§ Problem
Look below for the line containing "In oil he gradually", then write out that line and every line after it to the end, exactly, minus the pictures.

§ Data extract
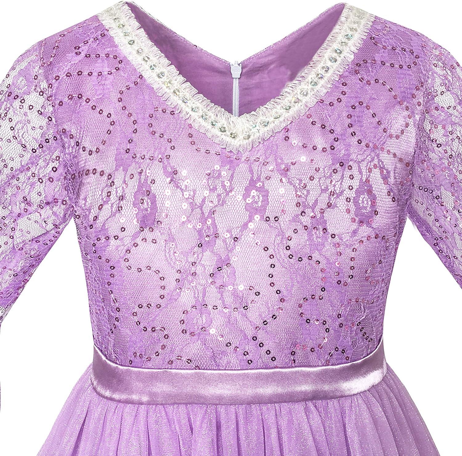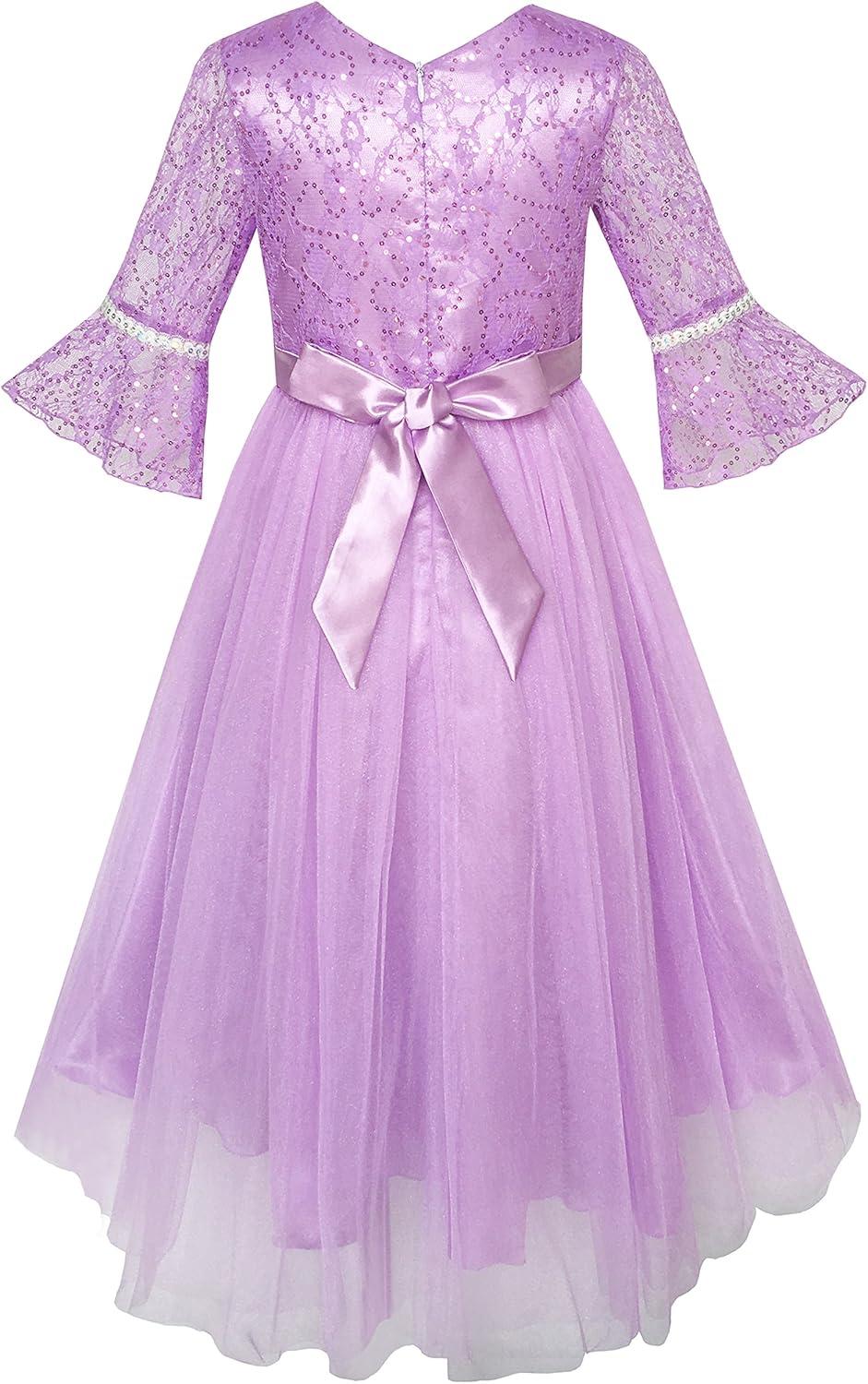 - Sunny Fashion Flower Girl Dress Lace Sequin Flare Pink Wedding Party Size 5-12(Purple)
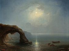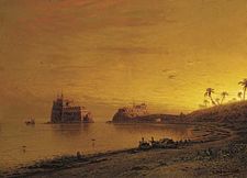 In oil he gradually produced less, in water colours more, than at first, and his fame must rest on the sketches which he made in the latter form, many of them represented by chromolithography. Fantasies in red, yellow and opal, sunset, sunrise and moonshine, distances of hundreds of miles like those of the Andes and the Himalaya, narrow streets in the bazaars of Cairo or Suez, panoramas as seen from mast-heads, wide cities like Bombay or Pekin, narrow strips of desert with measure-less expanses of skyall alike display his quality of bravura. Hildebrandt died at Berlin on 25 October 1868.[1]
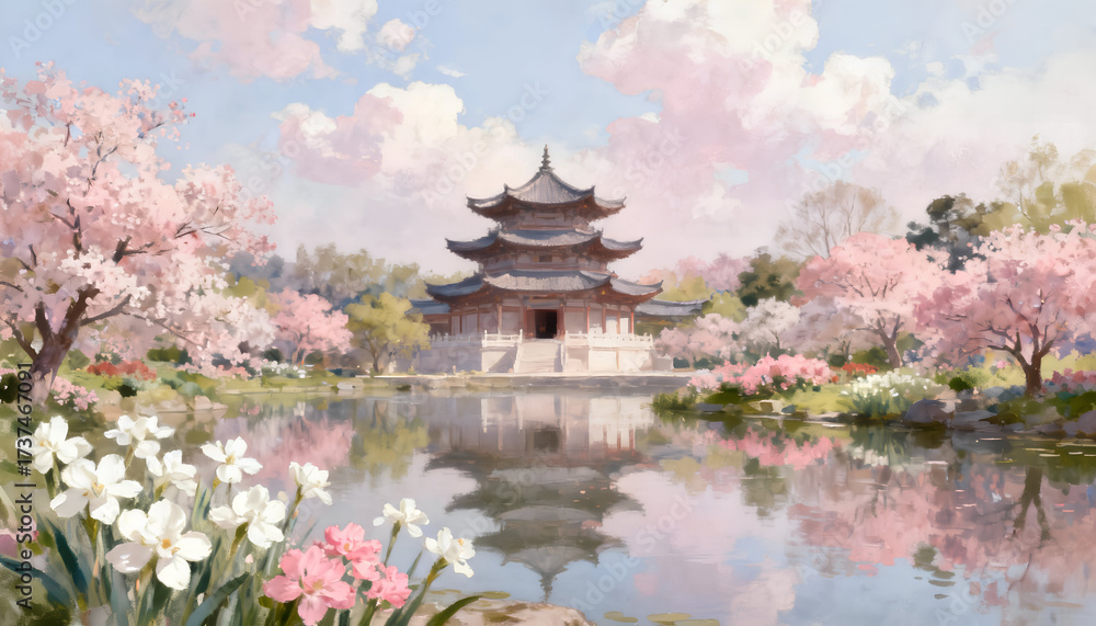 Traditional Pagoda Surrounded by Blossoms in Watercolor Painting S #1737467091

§ Exercise result
 In oil he gradually produced less, in water colours more, than at first, and his fame must rest on the sketches which he made in the latter form, many of them represented by chromolithography. Fantasies in red, yellow and opal, sunset, sunrise and moonshine, distances of hundreds of miles like those of the Andes and the Himalaya, narrow streets in the bazaars of Cairo or Suez, panoramas as seen from mast-heads, wide cities like Bombay or Pekin, narrow strips of desert with measure-less expanses of skyall alike display his quality of bravura. Hildebrandt died at Berlin on 25 October 1868.[1]
 Traditional Pagoda Surrounded by Blossoms in Watercolor Painting S #1737467091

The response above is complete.